┌─ Material to process

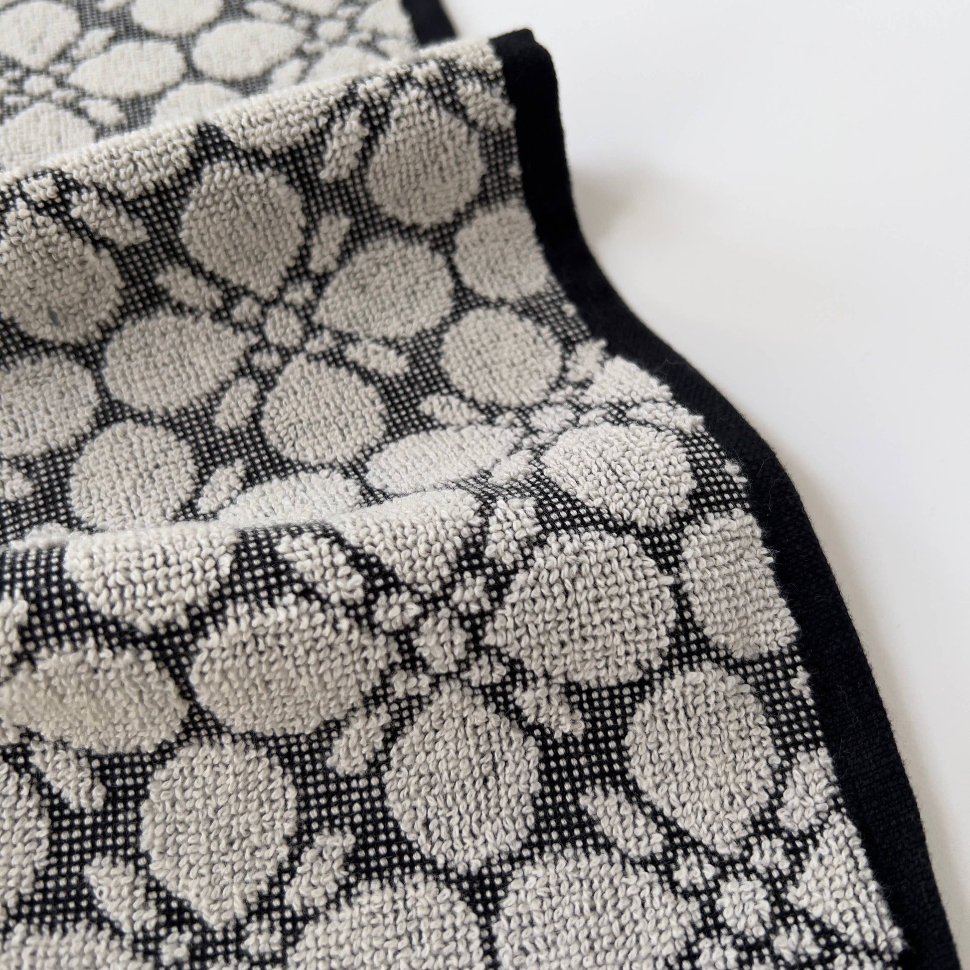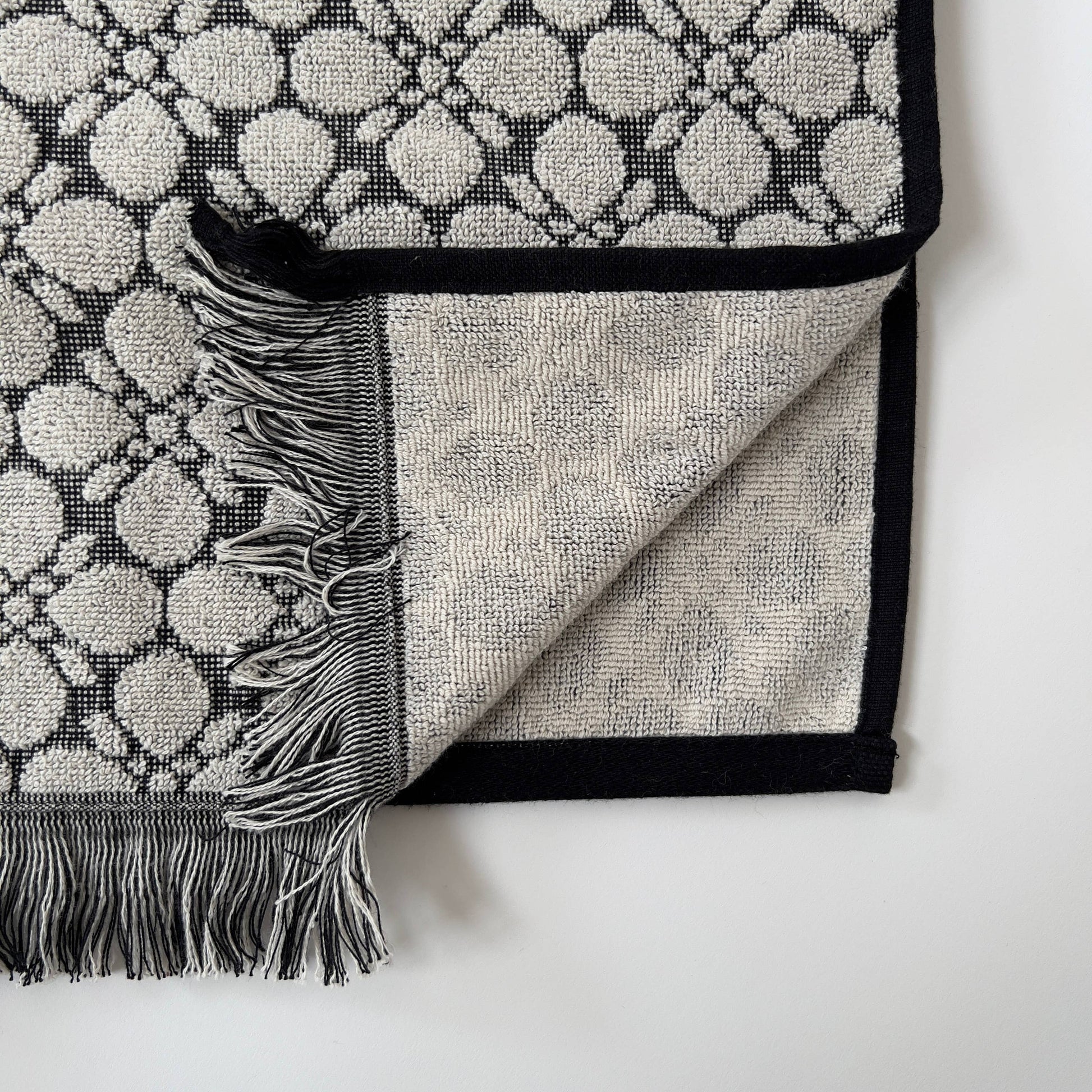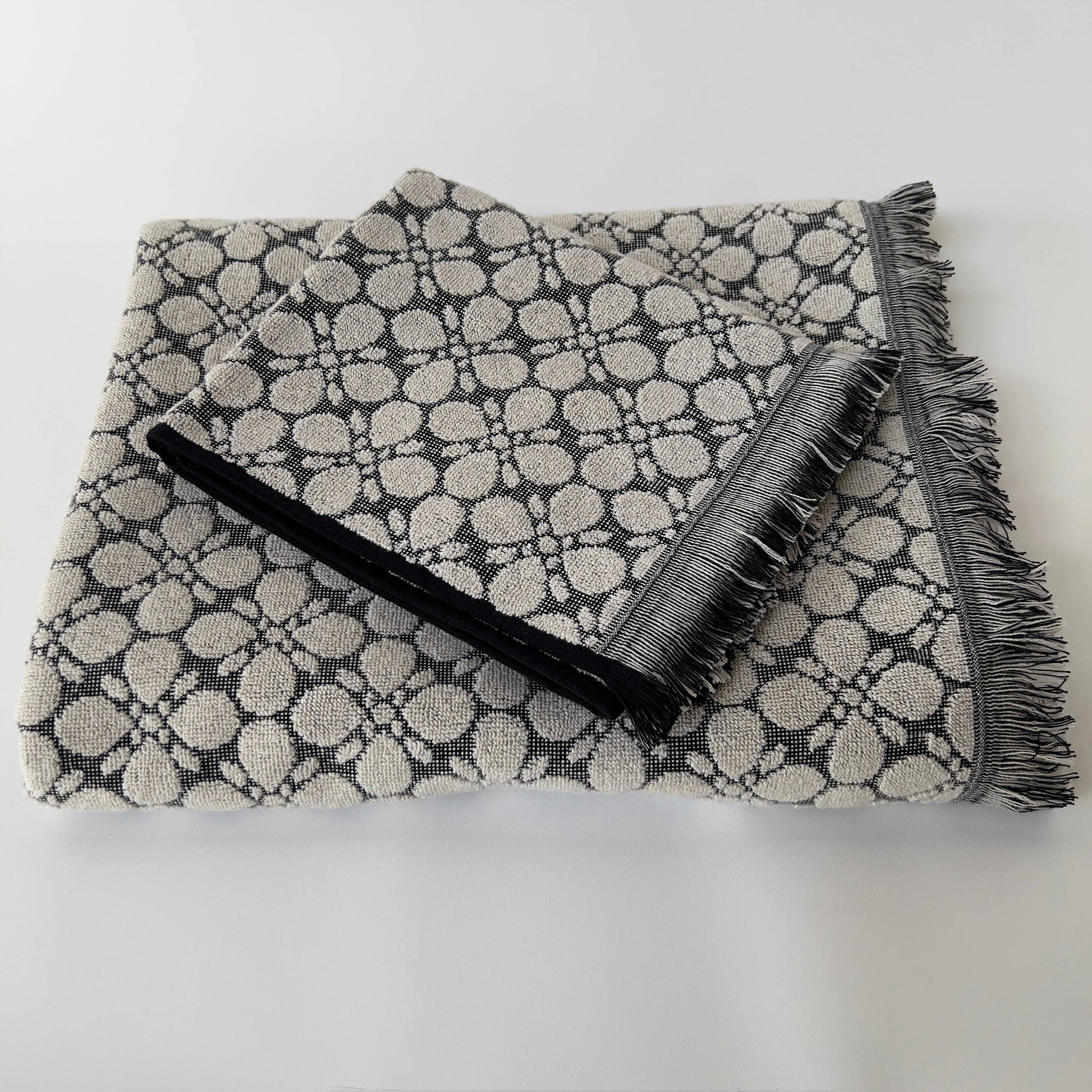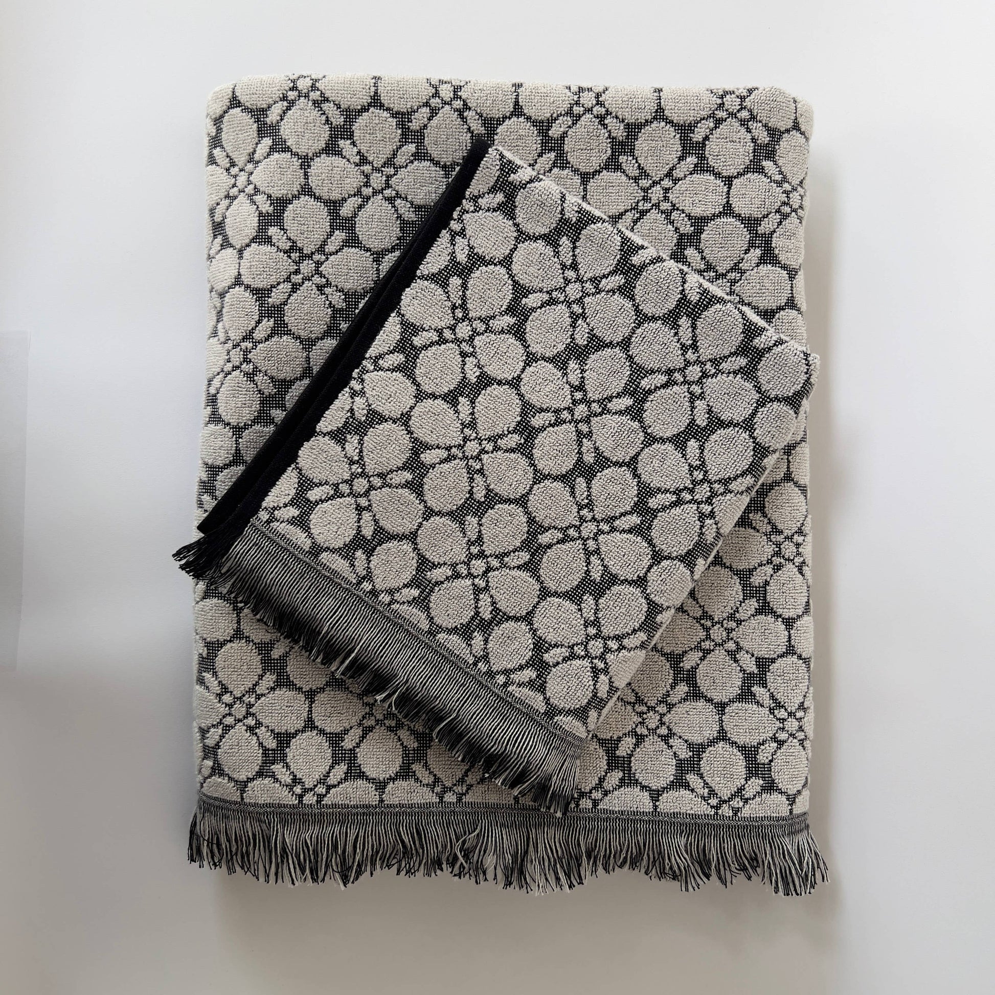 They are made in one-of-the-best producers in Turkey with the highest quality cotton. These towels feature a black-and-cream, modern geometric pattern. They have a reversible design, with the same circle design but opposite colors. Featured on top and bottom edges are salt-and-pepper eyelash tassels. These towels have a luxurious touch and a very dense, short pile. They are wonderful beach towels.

└─
┌─ Material to process

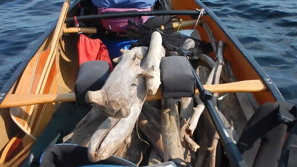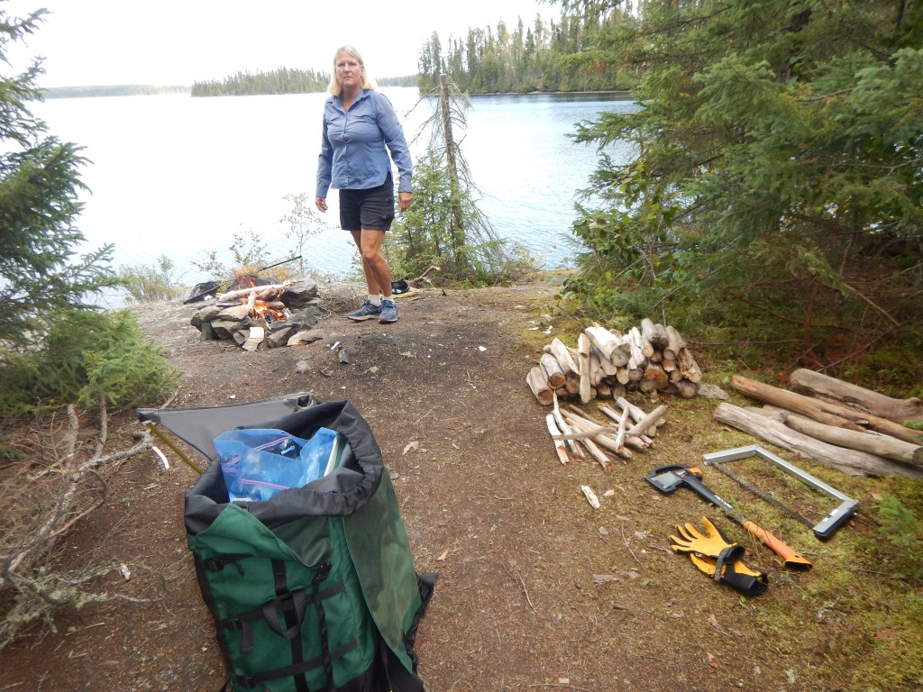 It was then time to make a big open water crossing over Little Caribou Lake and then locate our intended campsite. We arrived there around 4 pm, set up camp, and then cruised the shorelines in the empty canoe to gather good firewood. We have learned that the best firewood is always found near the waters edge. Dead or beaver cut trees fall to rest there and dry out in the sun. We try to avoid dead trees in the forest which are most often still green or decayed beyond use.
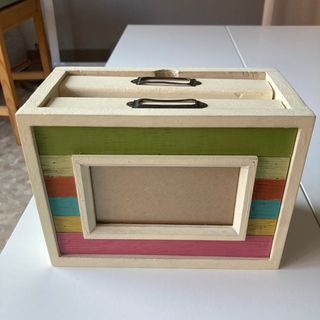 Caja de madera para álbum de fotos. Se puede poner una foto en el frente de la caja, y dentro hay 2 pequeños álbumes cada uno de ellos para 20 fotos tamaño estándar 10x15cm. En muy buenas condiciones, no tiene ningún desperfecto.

└─
┌─ Material to process

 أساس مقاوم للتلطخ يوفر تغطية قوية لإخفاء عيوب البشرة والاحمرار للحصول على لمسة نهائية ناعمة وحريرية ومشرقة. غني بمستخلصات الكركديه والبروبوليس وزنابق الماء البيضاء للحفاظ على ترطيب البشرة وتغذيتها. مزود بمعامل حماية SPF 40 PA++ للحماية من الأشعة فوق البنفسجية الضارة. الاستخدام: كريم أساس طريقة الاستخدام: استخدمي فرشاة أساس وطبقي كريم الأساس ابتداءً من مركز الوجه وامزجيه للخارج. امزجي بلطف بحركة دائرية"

└─

Work order: Please set down, exactly and with no pictures, the lines in the entries above starting at the one holding "It was then" and ending at the one holding "Caja de madera", ends included.

Expected answer:
 It was then time to make a big open water crossing over Little Caribou Lake and then locate our intended campsite. We arrived there around 4 pm, set up camp, and then cruised the shorelines in the empty canoe to gather good firewood. We have learned that the best firewood is always found near the waters edge. Dead or beaver cut trees fall to rest there and dry out in the sun. We try to avoid dead trees in the forest which are most often still green or decayed beyond use.
 Caja de madera para álbum de fotos. Se puede poner una foto en el frente de la caja, y dentro hay 2 pequeños álbumes cada uno de ellos para 20 fotos tamaño estándar 10x15cm. En muy buenas condiciones, no tiene ningún desperfecto.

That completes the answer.